500 Ice Age fossils found during Metro's Purple Line expansion

LOS ANGELES (KABC) -- What comes to mind when you think of Los Angeles? Hollywood, celebrities, the Oscars -- a Columbian mammoth? More than 500 Ice Age fossils have been found during Metro's Purple Line expansion.

"We are the paleontological team that's there all day every day looking for fossils while the dirt is being moved. And this is just an example of some of the fossils that are coming out of the three stations," said Ashley Leger, a paleontologist.
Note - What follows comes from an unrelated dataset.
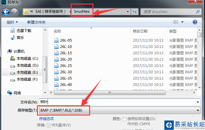 4、這就是我們制作的紋理圖片,另存到SAI安裝文件里的brushtex里,里面就是SAI里的各種紋理文件,格式是BMP,這里命名為樹葉。

What exactly did they find?

"Everything from gophers to mammoths in size. We've got camels and bison, horses and giant ground sloths. Mammoths, mastodons and even sabertooth cats and dire wolves. We're getting a beautiful picture of the Ice Age here in Southern California," Leger said.

One of the great finds: Hayden, a carefully preserved, nearly complete and pristine white skull of a juvenile Columbian mammoth.

"Most of the fossils were found at the Wilshire/La Brea site. But a lot of fossils were also found at the Wilshire/ La Cienega site," said Dave Sotero, a spokesperson for Metro.

So the next time you're driving along Wilshire Boulevard, just imagine what else may be discovered during this expansion project.

"If the paleontologist see anything that they think might be a fossil, we can temporarily divert the construction work to another part of the excavation to allow them to investigate whether that is a fossil or not," Sotero said.

Once the project is complete in about five years, you just might be able to see some of these fossils at the Natural History Museum or the La Brea Tar Pits.

"We anticipate finding additional fossils as we move forward with the second and third phase of the Purple Line construction project," Sotero said.

Sotero says the team is preserving L.A.'s prehistoric past while building it's subway future.